The preceding example shows an inner join that uses the comma operator, but multiple-table UPDATE statements can use any type of join permitted in SELECT statements, such as LEFT JOIN.

If you use a multiple-table UPDATE statement involving InnoDB tables for which there are foreign key constraints, the MySQL optimizer might process tables in an order that differs from that of their parent/child relationship. In this case, the statement fails and rolls back. Instead, update a single table and rely on the ON UPDATE capabilities that InnoDB provides to cause the other tables to be modified accordingly. See Section 13.1.17.5, “FOREIGN KEY Constraints”.

You cannot update a table and select directly from the same table in a subquery. You can work around this by using a multi-table update in which one of the tables is derived from the table that you actually wish to update, and referring to the derived table using an alias. Suppose you wish to update a table named items which is defined using the statement shown here:

CREATE TABLE items ( id BIGINT NOT NULL AUTO_INCREMENT PRIMARY KEY, wholesale DECIMAL(6,2) NOT NULL DEFAULT 0.00, retail DECIMAL(6,2) NOT NULL DEFAULT 0.00, quantity BIGINT NOT NULL DEFAULT 0 );

To reduce the retail price of any items for which the markup is 30% or greater and of which you have fewer than one hundred in stock, you might try to use an UPDATE statement such as the one following, which uses a subquery in the WHERE clause. As shown here, this statement does not work:

mysql> UPDATE items > SET retail = retail * 0.9 > WHERE id IN > (SELECT id FROM items > WHERE retail / wholesale >= 1.3 AND quantity > 100); ERROR 1093 (HY000): You can't specify target table 'items' for update in FROM clause

Instead, you can employ a multi-table update in which the subquery is moved into the list of tables to be updated, using an alias to reference it in the outermost WHERE clause, like this:

UPDATE items, (SELECT id FROM items WHERE id IN (SELECT id FROM items WHERE retail / wholesale >= 1.3 AND quantity < 100)) AS discounted SET items.retail = items.retail * 0.9 WHERE items.id = discounted.id;

Because the optimizer tries by default to merge the derived table discounted into the outermost query block, this works only if you force materialization of the derived table.
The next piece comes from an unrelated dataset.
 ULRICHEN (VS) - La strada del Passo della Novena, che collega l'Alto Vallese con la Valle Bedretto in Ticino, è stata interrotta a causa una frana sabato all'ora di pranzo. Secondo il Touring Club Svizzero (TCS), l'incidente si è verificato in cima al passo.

You can do this by setting the derived_merge flag of the optimizer_switch system variable to off before running the update, or by using the NO_MERGE optimizer hint, as shown here:

UPDATE /*+ NO_MERGE(discounted) */ items, (SELECT id FROM items WHERE retail / wholesale >= 1.3 AND quantity < 100) AS discounted SET items.retail = items.retail * 0.9 WHERE items.id = discounted.id;

The advantage of using the optimizer hint in such a case is that it applies only within the query block where it is used, so that it is not necessary to change the value of optimizer_switch again after executing the UPDATE.
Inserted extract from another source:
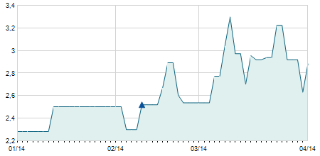 | 04/07/2017 | +0,10 / +0,88% | 11,30 | 11,40 | 11,20 | 11,40 | 11,22 | 4,30 | 56.500 |   |

Another possibility is to rewrite the subquery so that it does not use IN or EXISTS, like this:

UPDATE items, (SELECT id, retail / wholesale AS markup, quantity FROM items) AS discounted SET items.retail = items.retail * 0.9 WHERE discounted.markup >= 1.3 AND discounted.quantity < 100 AND items.id = discounted.id;

In this case, the subquery is materialized by default rather than merged, so it is not necessary to disable merging of the derived table.

An UPDATE on a partitioned table using a storage engine such as MyISAM that employs table-level locks locks only those partitions containing rows that match the UPDATE statement WHERE clause, as long as none of the table partitioning columns are updated. (For storage engines such as InnoDB that employ row-level locking, no locking of partitions takes place.) For more information, see Section 19.6.4, “Partitioning and Locking”.


Page 17

13.3 Transactional and Locking Statements

MySQL supports local transactions (within a given client session) through statements such as SET autocommit, START TRANSACTION, COMMIT, and ROLLBACK. See Section 13.3.1, “START TRANSACTION, COMMIT, and ROLLBACK Statements”. XA transaction support enables MySQL to participate in distributed transactions as well. See Section 13.3.7, “XA Transactions”.